Yogurt a fermented dairy product is both healthy and delicious. It contains proteins and fats, calcium, and several vitamins. Yogurt is known to improve bone health and reduce blood pressure. Yogurts classified as probiotic contain active cultures of beneficial bacteria.
These probiotic bacteria have health benefits including improved cholesterol, immunity, and digestion. Be sure to avoid yogurts that are loaded with added sugar. Buy natural yogurt and add fruit, berries or top with a crunchy granola.
Peanut butter is a great source of unsaturated fatty acids, protein, and fiber. It also includes vitamins and minerals, which include, B vitamins, copper, manganese, vitamin E, phosphorous, and magnesium. Peanuts also contain more antioxidants than some fruits. They are filling and may lead to weight loss.
Be sure to buy peanut butter made without added sugar or oils. The ingredient list should only include peanuts and a small amount of salt. Add peanut butter to apple slices, celery, or a banana for a healthy snack.
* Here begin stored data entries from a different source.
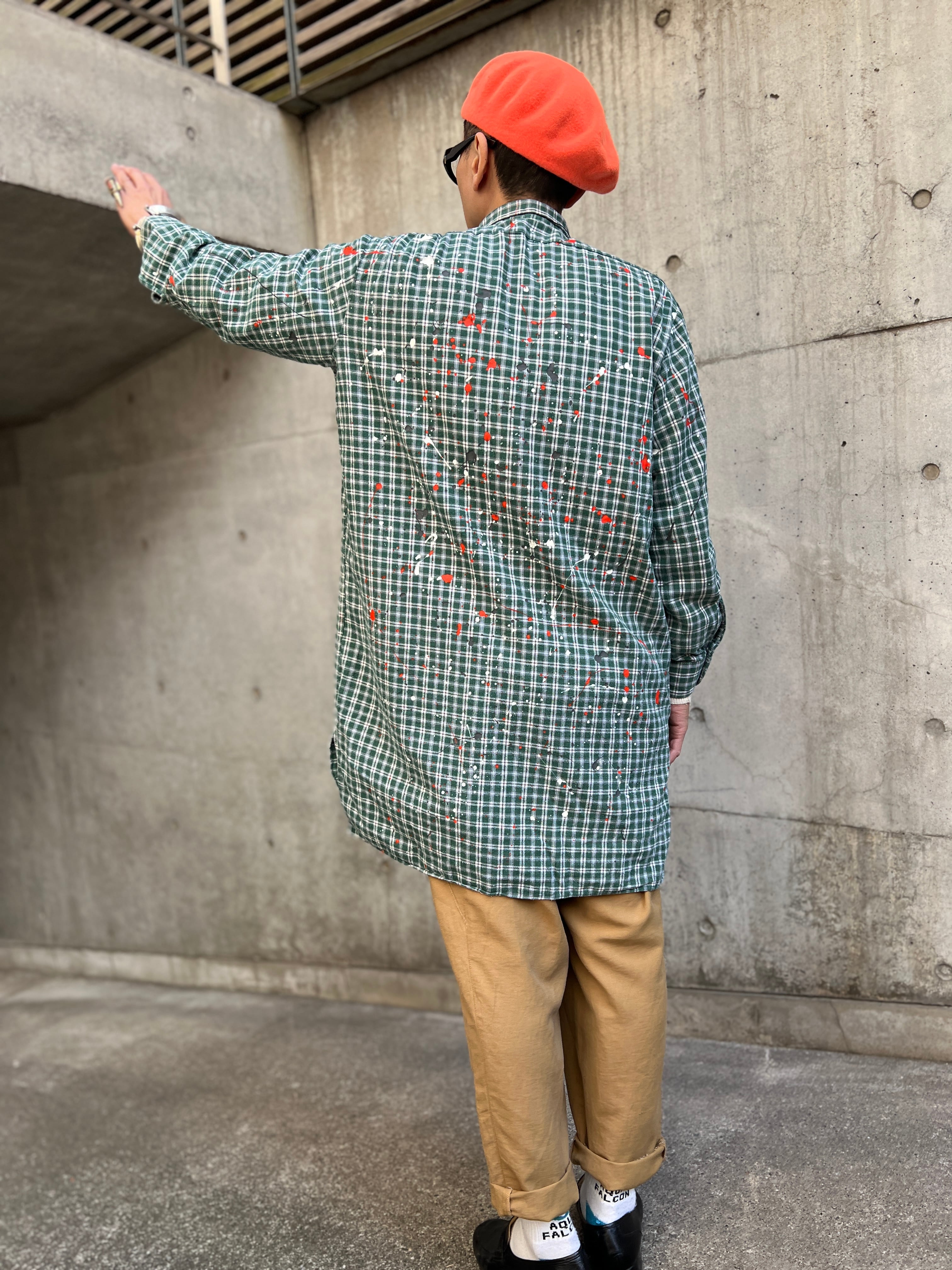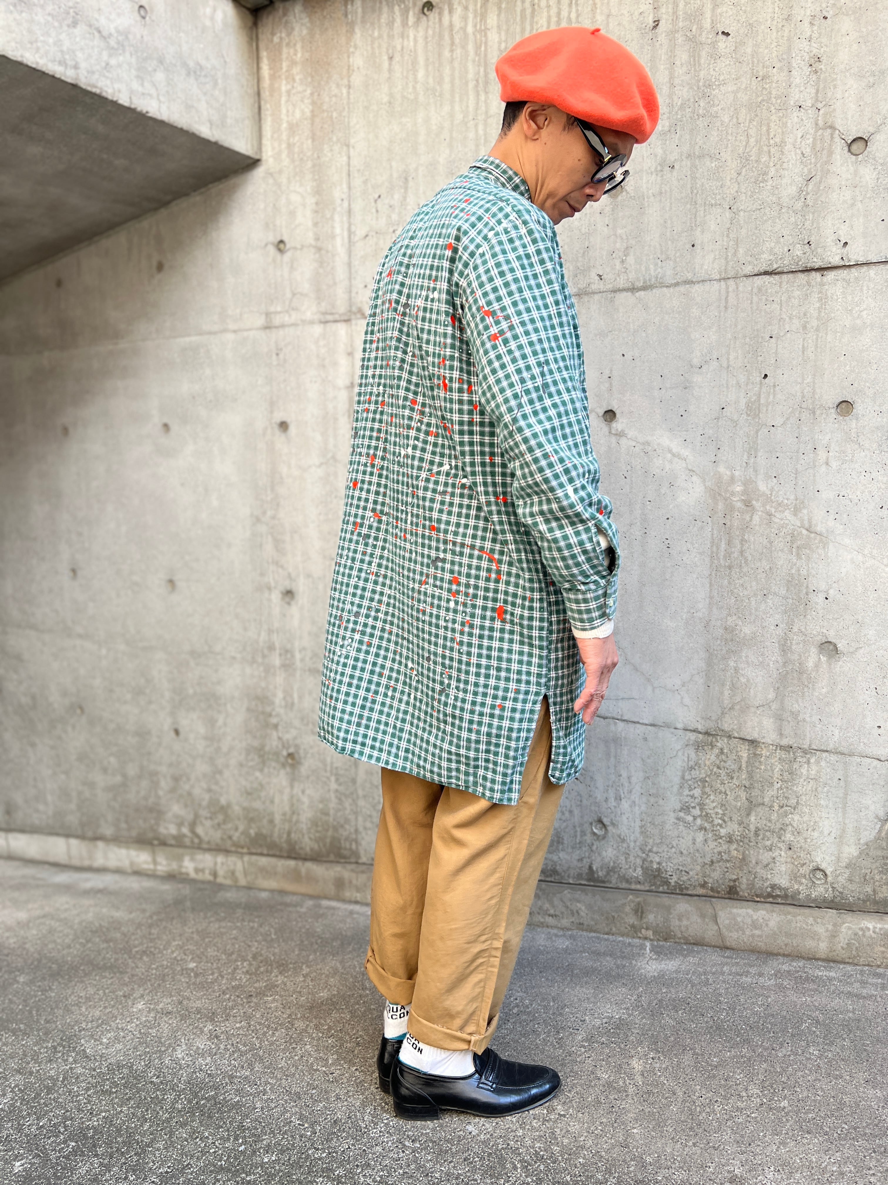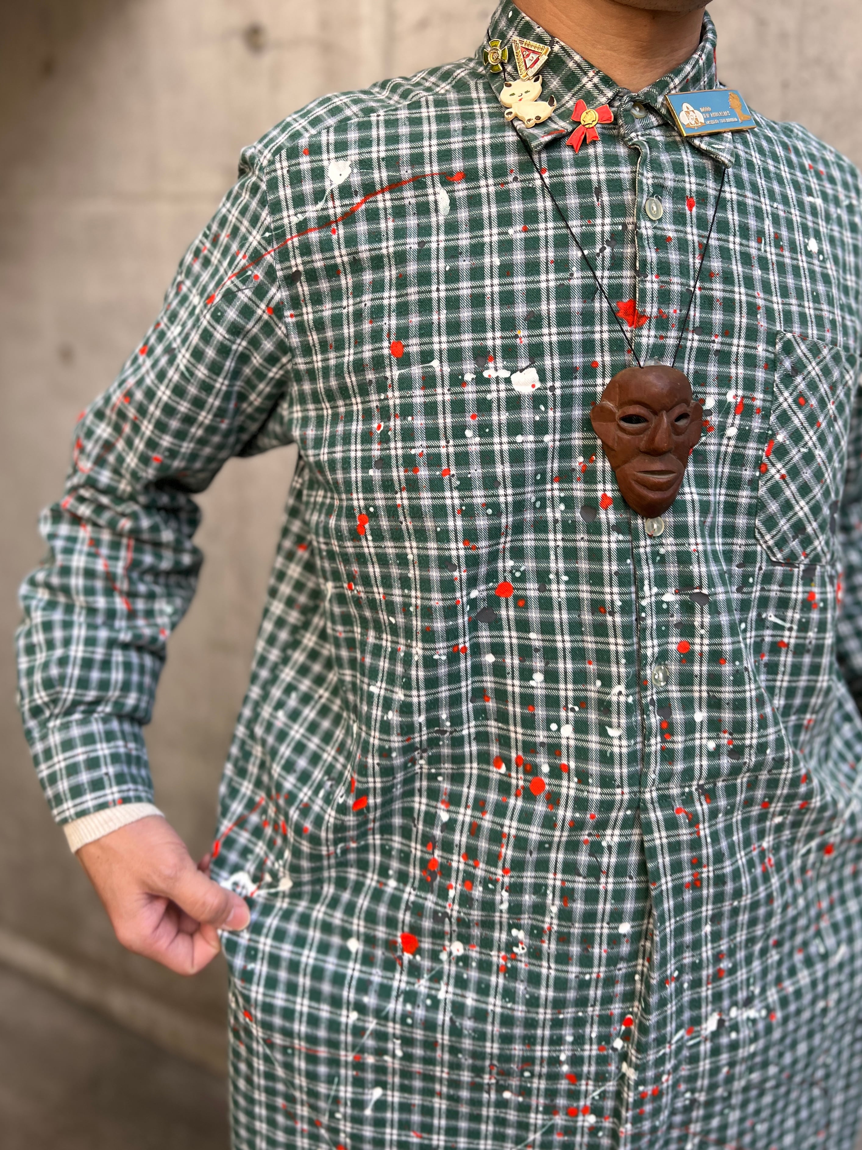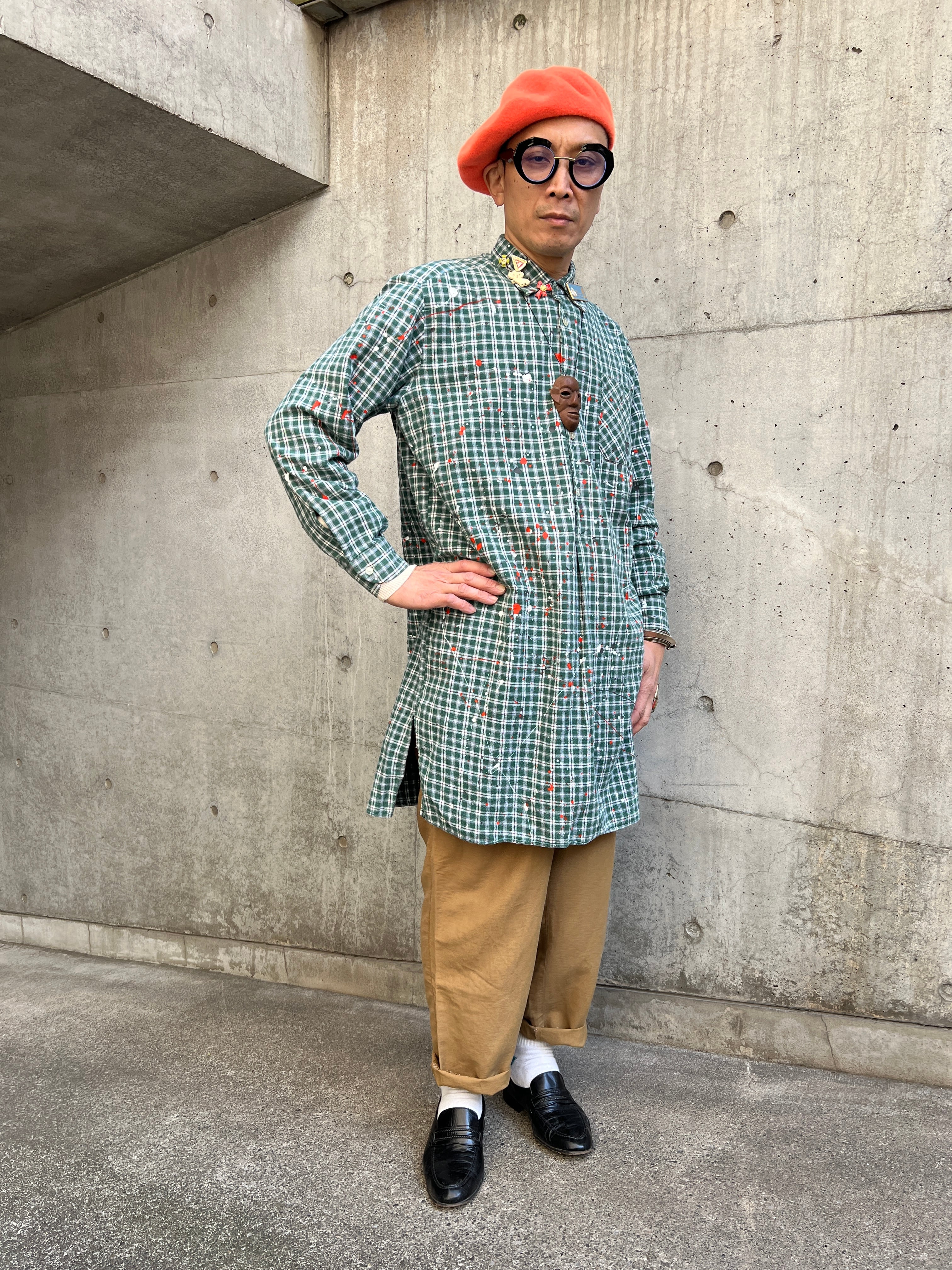 ヴィンテージのプルオーバーグランパコットンシャツのグッドボディーに、1点1点その個体に合わせて施された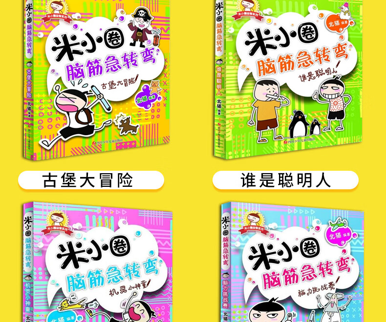 Mi Xiaoquan's Brain Teasers, a full set of 4 volumes, first grade, second grade, third grade, fourth grade, Castle Adventure Brain Rally, the clever little prodigy, who is the smart person? You, Xiao Quan, a fan of Xiao Quan, Xiao Quan's school notes, non-phonetic version, a full set of 4 volumes, Mi Xiaoquan's Brain Teasers,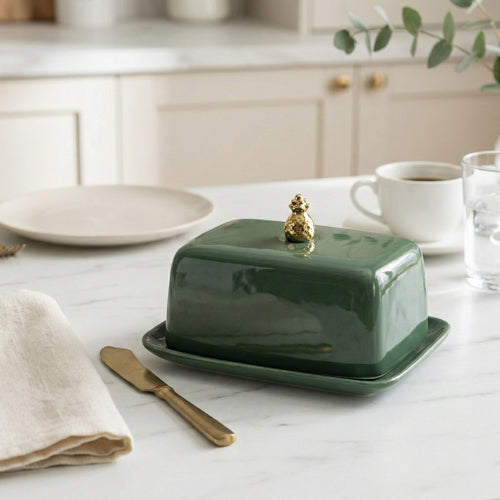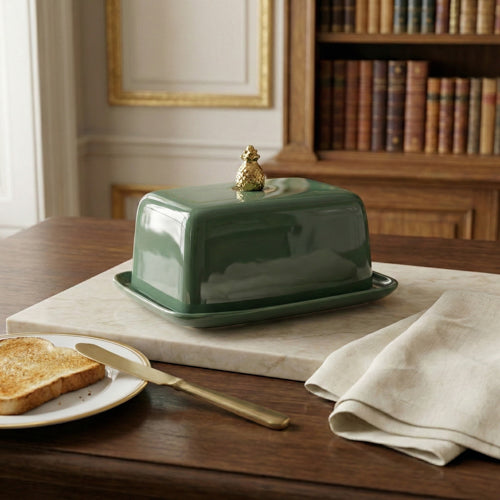 - Sage green butter dish finished with a decorative gold pineapple knob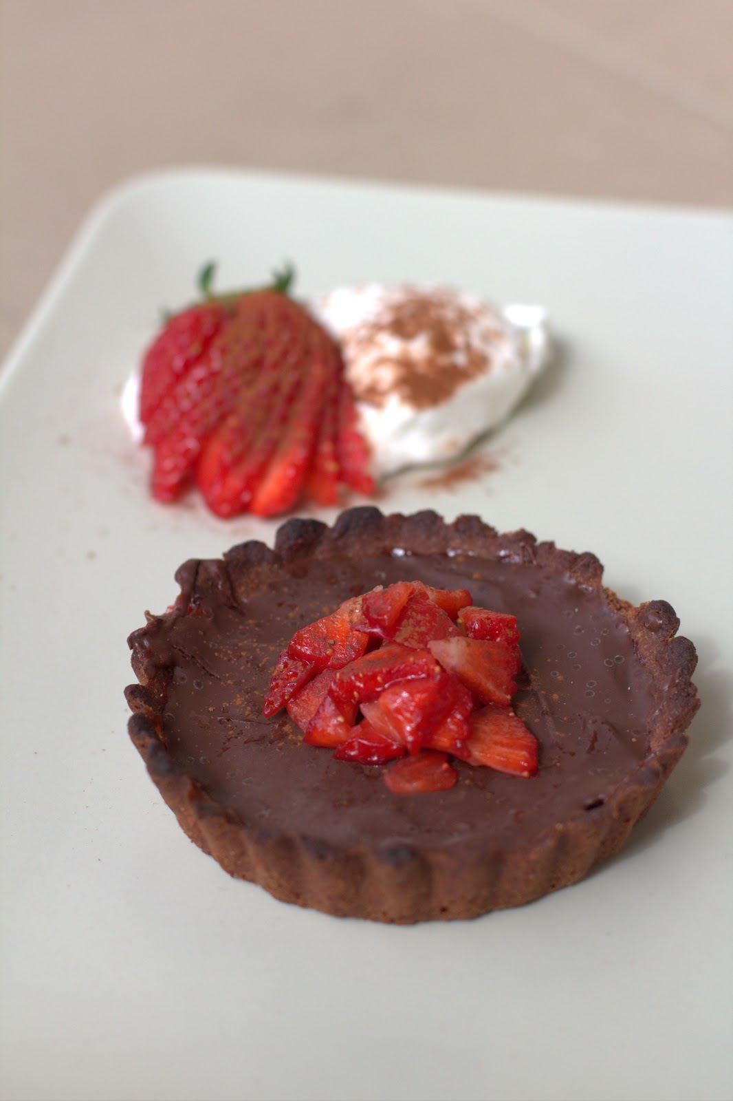 Una volta sfornate e raffreddate guarnitele con la salsina alle fragole. Con il cioccolato precedentemente sciolto con il burro rifinite le tortine creando uno strato di cioccolato sopra alle fragole. Mettete in frigo a far raffreddare.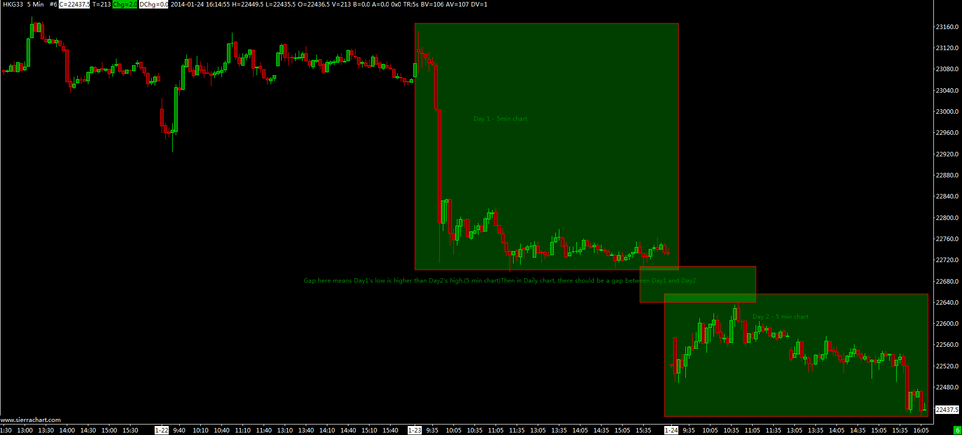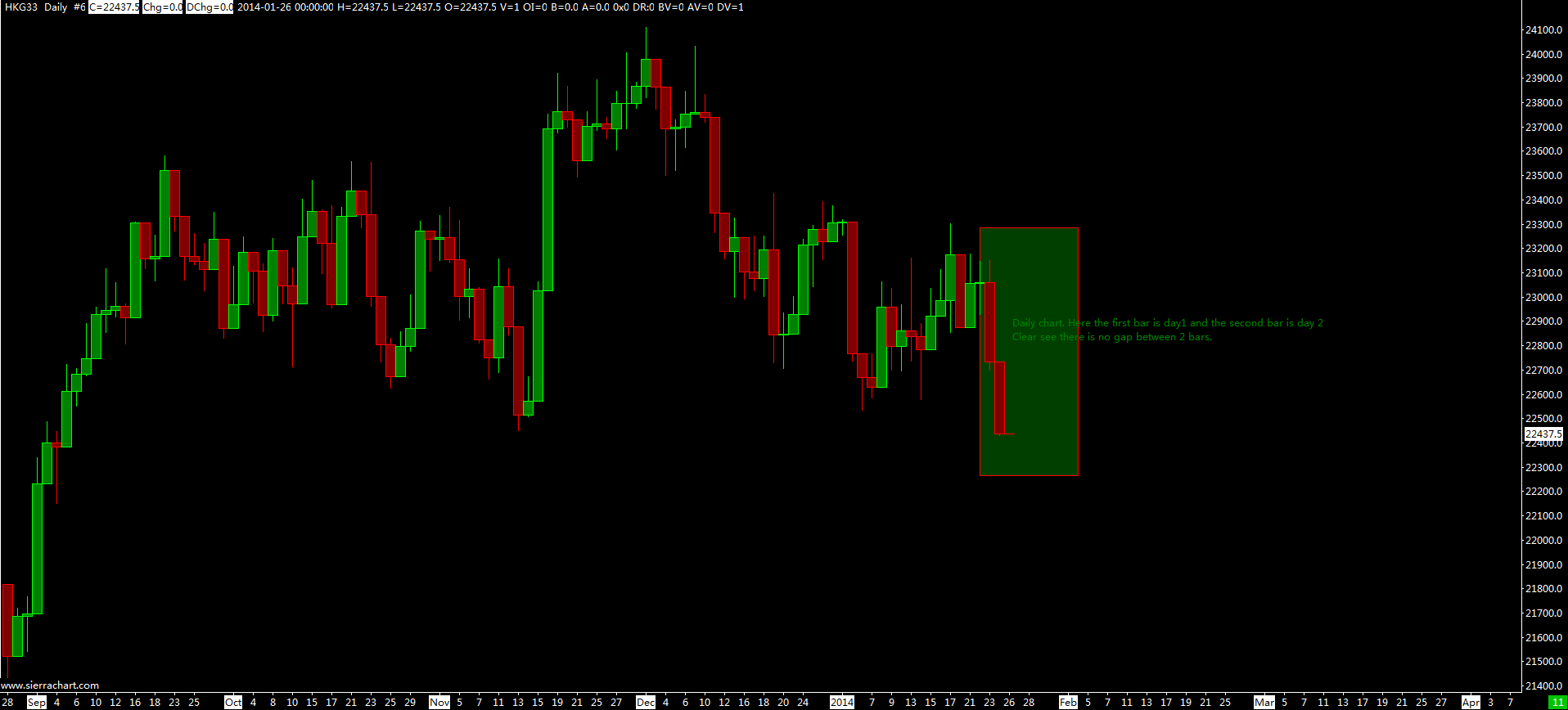Here is the 5-min chart page.You could clear see there is gap between day1 and day2. So in daily chart,it should have been clear gap between 2 days. http://www.sierrachart.com/image.php?l=1390741406574.png Here is the daily chart page.First bar is Day1 and the second bar is Day2. http://www.sierrachart.com/image.php?l=1390741588723.png So may I wonder is there any setting in daily chart that request to fill the gap between 2 bars? I may choose it by mistake. Thanks! |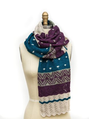 Wrap yourself in this beautiful scarf that showcases unique stitch patterns and color. This piece was inspired by a Mexican Rebozo and can be worn like a shawl or wrapped like a scarf. Worked in 2 pieces from the ends to the center, then joined using 3-needle bind-off. Kit (pattern & yarn) can be found here.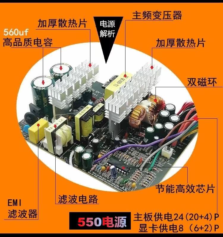 Desktop computer power supply 450W 550W wide-width voltage stabilized mute long wire graphics card 6 2 dual-interface host power supply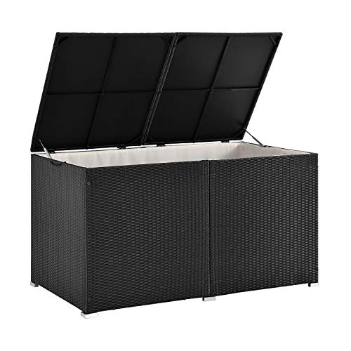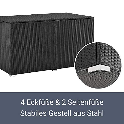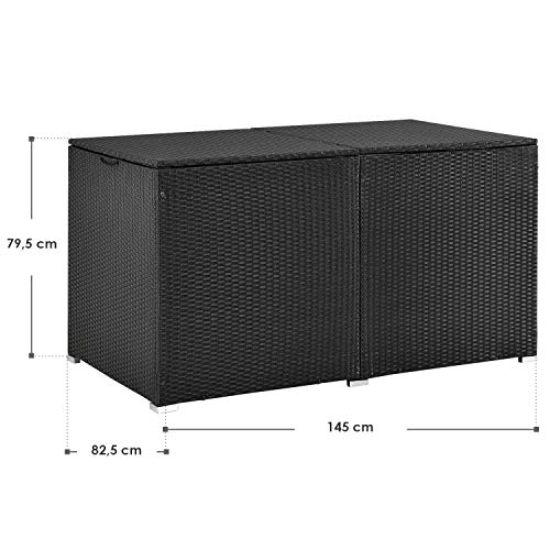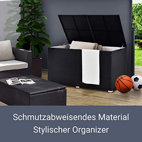 ✅ Stauraum – 145 x 82,5 x 79,5 cm große Polyrattan Auflagenbox schwarz mit ca. 950L Fassungsvermögen statt dessen Garten, Terrasse oder Balkon; perfekt zur Aufbewahrung von Auflagen, Kissen & Gartenzubehör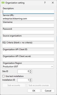Type the source organization for API connection (contact itslearning to acquire the source organization).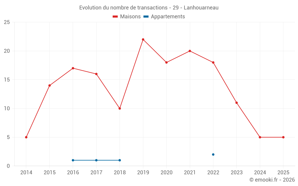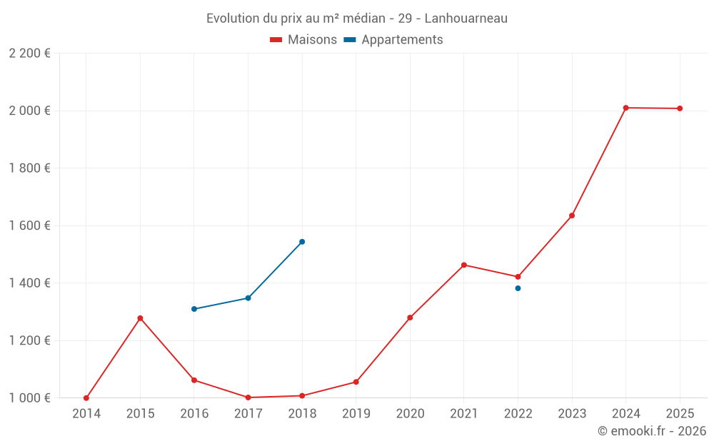Le prix médian sur les 15 transactions de maisons des 24 derniers mois dans la commune de Lanhouarneau était de 1 882 € par mètre carré pour une valeur foncière médiane de 164 510 €. Sur cette période 60% des transactions se sont situées entre 811 et 2 198 € par mètre carré (du 2ème au 8ème déciles).

Summer is here and so are watermelons!!! Packed with water, nutrients, and vitamins, watermelons are low in calories and contain powerful plant compounds like lycopene, and citrulline. Watermelons and their juice may lower blood pressure and reduce muscle soreness after exercise.
The water and fiber content of watermelon may lower blood pressure and reduce muscle soreness after exercise. Watermelons are super refreshing and a perfect snack on a hot day.
Craving something tasty? Try one of the healthy foods listed above, they are not only more delicious but will improve your health!